» Provided data:

§ §

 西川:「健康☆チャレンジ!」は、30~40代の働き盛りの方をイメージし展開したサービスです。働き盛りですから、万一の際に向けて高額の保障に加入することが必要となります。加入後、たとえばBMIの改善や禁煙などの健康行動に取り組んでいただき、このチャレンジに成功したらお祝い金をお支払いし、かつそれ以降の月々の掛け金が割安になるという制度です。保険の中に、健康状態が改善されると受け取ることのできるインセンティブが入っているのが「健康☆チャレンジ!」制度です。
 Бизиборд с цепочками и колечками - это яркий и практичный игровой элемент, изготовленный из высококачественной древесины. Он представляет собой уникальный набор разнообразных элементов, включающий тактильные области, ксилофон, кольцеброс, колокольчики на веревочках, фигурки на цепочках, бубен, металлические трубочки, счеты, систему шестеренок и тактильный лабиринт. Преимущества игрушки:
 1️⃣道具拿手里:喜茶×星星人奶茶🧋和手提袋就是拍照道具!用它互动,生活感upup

§ §

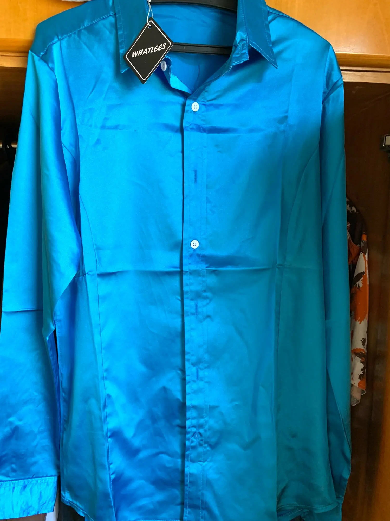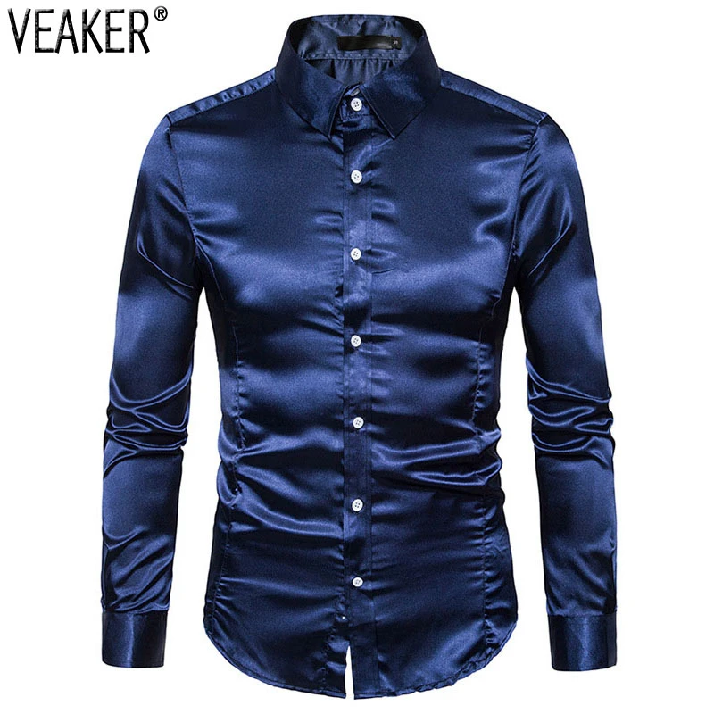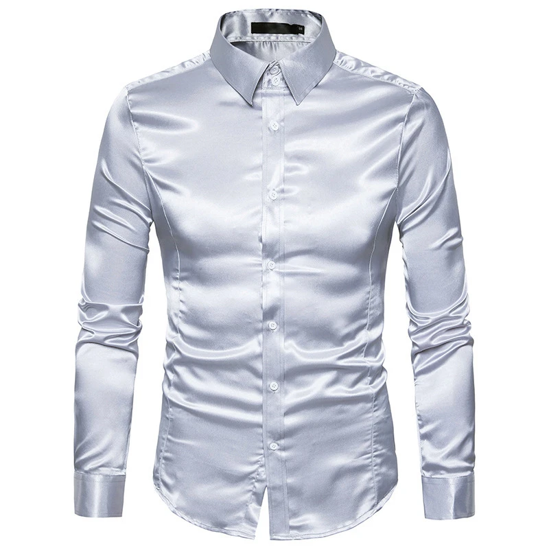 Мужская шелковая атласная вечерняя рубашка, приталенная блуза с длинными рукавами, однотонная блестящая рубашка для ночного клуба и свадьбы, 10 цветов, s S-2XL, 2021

§ §

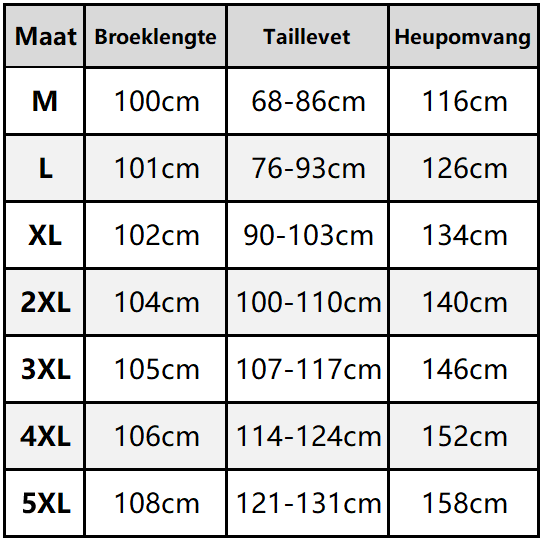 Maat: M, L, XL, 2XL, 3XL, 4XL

§ §

» Instructions for the task: Restate word for word the entries above from the line with "Бизиборд с цепочками" through the line with "1️⃣道具拿手里:喜茶×星星", inclusive, leaving out everything else.

» Exercise output:
 Бизиборд с цепочками и колечками - это яркий и практичный игровой элемент, изготовленный из высококачественной древесины. Он представляет собой уникальный набор разнообразных элементов, включающий тактильные области, ксилофон, кольцеброс, колокольчики на веревочках, фигурки на цепочках, бубен, металлические трубочки, счеты, систему шестеренок и тактильный лабиринт. Преимущества игрушки:
 1️⃣道具拿手里:喜茶×星星人奶茶🧋和手提袋就是拍照道具!用它互动,生活感upup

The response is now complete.